MG had run up DM1.8bn of losses in 1992/93, rather than the DM347m declared by Mr Schimmelbusch. On top of this is a potential DM1.5bn of losses as MG extracts itself from disastrous forays into the US energy futures market. Most difficult to explain is the fact that more than half of the DM1.8bn losses was in business operations, which the supervisors had failed to spot. Mr Schimmelbusch was not entirely forthcoming with details, and for this he is being investigated by the Frankfurt state prosecutor's office. But who said supervisory boards had to work with their eyes closed?

Certainly, no one can claim that those charged with minding MG's management are second-rate. The head of the supervisory board is Ronaldo Schmitz, corporate finance chief at Deutsche Bank, which rotates the chairmanship with Dresdner Bank, represented by its board member Bernhard Walter. Then there is Gerhard Liener, chief financial officer of Daimler-Benz, and Henning Schulte-Noelle, chief executive of Germany's insurance colossus, Allianz.

The fact that men of this calibre were embarrassed raises questions about the system of corporate governance. It casts a shadow on the intricate network of cross- shareholdings that shape big business in Germany. And in particular, it highlights the perennial controversy about the ubiquitous role and influence in industry of the banking behemoths.

MG offers a model case study.
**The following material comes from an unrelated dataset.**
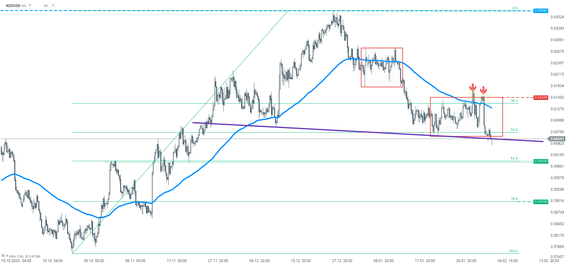 Patrząc technicznie na wykres NZDUSD na interwale H4, utworzyła się formacja głowy i ramion (RGR). Aktualnie kurs testuję linię szyi wspomnianego układu (fioletowa linia na wykresie poniżej), a w przypadku jej przełamania, przecena może przybrać na sile. Zgodnie z założeniami klasycznej AT będzie to pretekst do zmiany trendu na spadkowy. Scenariusz spadkowy jest także wspierany przez metodologię Overbalance. W minionym tygodniu cena odbiła się od górnego ograniczenia układu 1:1 (czerwony prostokąt), co potwierdza niedźwiedzi sentyment. W przypadku powodzenia takiego scenariusza, janko najbliższe wsparcia należy traktować poziomy 0,6000, oraz 0,5900. Pierwszy z nich wynika z mierzenia 61,8% Fibonacciego ostatni fali wzrostowej oraz wcześniejszych reakcji cenowych, a drugi z samego współczynnika Fibo.

Together, Deutsche and Dresdner banks, Daimler-Benz and Allianz, own over 40 per cent of MG. The remaining big institutional shareholder is the government of Kuwait, with 20 per cent.

Deutsche Bank is also MG's biggest creditor, to the tune of DM539m. It chairs the supervisory board and steers shareholder meetings.
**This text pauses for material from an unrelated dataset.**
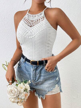 Frenchy ملابس علوية بلا أكمام للصيف مع تطريزات مجوفة من لون موحد

Deutsche has DM24bn worth of non-bank holdings; it sits on hundreds of supervisory boards. Dresdner has over DM15bn of stakes in non-banking businesses. To apologists, and there are many, this is one of the keys to the success of German capitalism.

The extensive direct involvement of the banks in industry, in particular, and the tradition of big firms taking cross-holdings in one another, in general, encourages a degree of corporate stability, it is argued, that Anglo-Saxon systems can only envy. The presence of the banks fosters the long-termism that German business prides itself on.
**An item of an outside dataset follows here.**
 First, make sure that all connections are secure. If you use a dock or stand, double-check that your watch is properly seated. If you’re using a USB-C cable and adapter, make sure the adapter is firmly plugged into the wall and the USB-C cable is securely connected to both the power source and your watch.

In MG's case, Deutsche and Dresdner did their utmost to ensure its survival, precisely because of their stakes and commitment to the business. Would banks in other countries have had the power and will to force such a vast crew of angry creditors into line behind a rescue plan?

The influence of the banks is a vital element in Germany's peculiar form of protectionism. This has nothing to do with external trade barriers; Germany is a very liberal, open economy. Its protectionism is internal, as the mutually supportive network of cross-shareholdings in effect closes corporate Germany to unwanted interference.

It is no surprise that boardroom coups and hostile takeovers are so rare. This sort of closed system offers great stability, the chance to make mistakes and correct them. But it also harbours dangers when security slides into intimacy, creating a cosiness in which criticism gives way to credulity and those who are meant to be scrutinising and controlling become sloppy. There is far too much clubbiness in mutually protected corporate Germany, and MG appears to be a casualty of its worst excesses.

Hilmar Kopper, the chief executive of Deutsche Bank, has misgivings about the extent of his institute's role in industry. He has begun a quiet, slow-burning revolution. Deutsche is reducing its stake in Daimler-Benz to just below the blocking majority of 25 per cent. It is cutting its 25 per cent stake in Karstadt, the retailer, to 10 per cent.

As board member, Deutsche wants to take its industrial holdings 'out of the political firing line regarding the apparent power of the banks'. The MG debacle has enflamed this debate again, much to Mr Kopper's embarrassment and ire. But if it jolts the banks and big business into taking a critical look at the weaknesses in Germany's system of corporate governance, then much good could come from MG's painfully narrow escape.